# Northwind Database Analysis

This notebook provides comprehensive analysis of the Northwind sample database, including exploratory data analysis, sales trends, customer segmentation, and predictive modeling.

## Table of Contents
1. Import Required Libraries
2. Load and Explore Dataset
3. Data Preprocessing
4. Feature Engineering
5. Model Selection and Training
6. Model Evaluation
7. Hyperparameter Tuning
8. Save and Load Model

## 1. Import Required Libraries

Import essential libraries for data manipulation, visualization, and machine learning analysis.

In [None]:
# Data manipulation and analysis
import pandas as pd
import numpy as np
import sqlite3
from datetime import datetime

# Visualization libraries
import matplotlib.pyplot as plt
import seaborn as sns
import plotly.express as px
import plotly.graph_objects as go
from plotly.subplots import make_subplots

# Machine learning libraries
from sklearn.model_selection import train_test_split, GridSearchCV
from sklearn.preprocessing import StandardScaler, LabelEncoder
from sklearn.ensemble import RandomForestRegressor, RandomForestClassifier
from sklearn.linear_model import LinearRegression
from sklearn.metrics import mean_squared_error, r2_score, classification_report
import joblib

# Set plotting style
plt.style.use('seaborn-v0_8')
sns.set_palette("husl")

# Configure pandas display options
pd.set_option('display.max_columns', None)
pd.set_option('display.width', 1000)

print("All libraries imported successfully!")

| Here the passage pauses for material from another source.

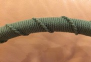 A typical MMM steering wheel will utilise approximately 46 metres of 3mm diameter braided glace cord. Vintage MG Parts have a company working for them who calibrate the weaving machine to supply this 6 plait braid in apple green. We have also used this cord to bind the road springs with the period 'zig-zag' pattern. It makes a superb job but tough on the fingers to bind! Tip - we use cloth Tessa Tape as a platform, we also then coat the cord with two generous coats of Renovo Ultra Proofer to create a waterproof weather barrier.
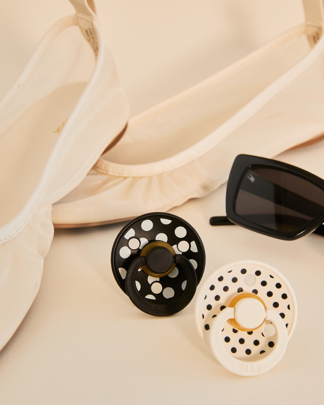 Пустушка BIBS Studio Colour 2 PACK Polka Latex Anatomical (анатомічна) – Ivory / Black

## 2. Load and Explore Dataset

Connect to the Northwind SQLite database and load the data into pandas DataFrames for analysis.

In [None]:
# Connect to the Northwind database
db_path = '../data/nw.sqlite'
conn = sqlite3.connect(db_path)

# Load all tables into DataFrames
tables = {
    'customers': pd.read_sql_query("SELECT * FROM Customers", conn),
    'orders': pd.read_sql_query("SELECT * FROM Orders", conn),
    'order_details': pd.read_sql_query("SELECT * FROM OrderDetails", conn),
    'products': pd.read_sql_query("SELECT * FROM Products", conn),
    'categories': pd.read_sql_query("SELECT * FROM Categories", conn),
    'suppliers': pd.read_sql_query("SELECT * FROM Suppliers", conn),
    'employees': pd.read_sql_query("SELECT * FROM Employees", conn),
    'shippers': pd.read_sql_query("SELECT * FROM Shippers", conn)
}

print("Database tables loaded successfully!")
print(f"Tables available: {list(tables.keys())}")

# Display basic information about each table
for table_name, df in tables.items():
    print(f"\n{table_name.upper()} - Shape: {df.shape}")
    print(f"Columns: {list(df.columns)}")
    
conn.close()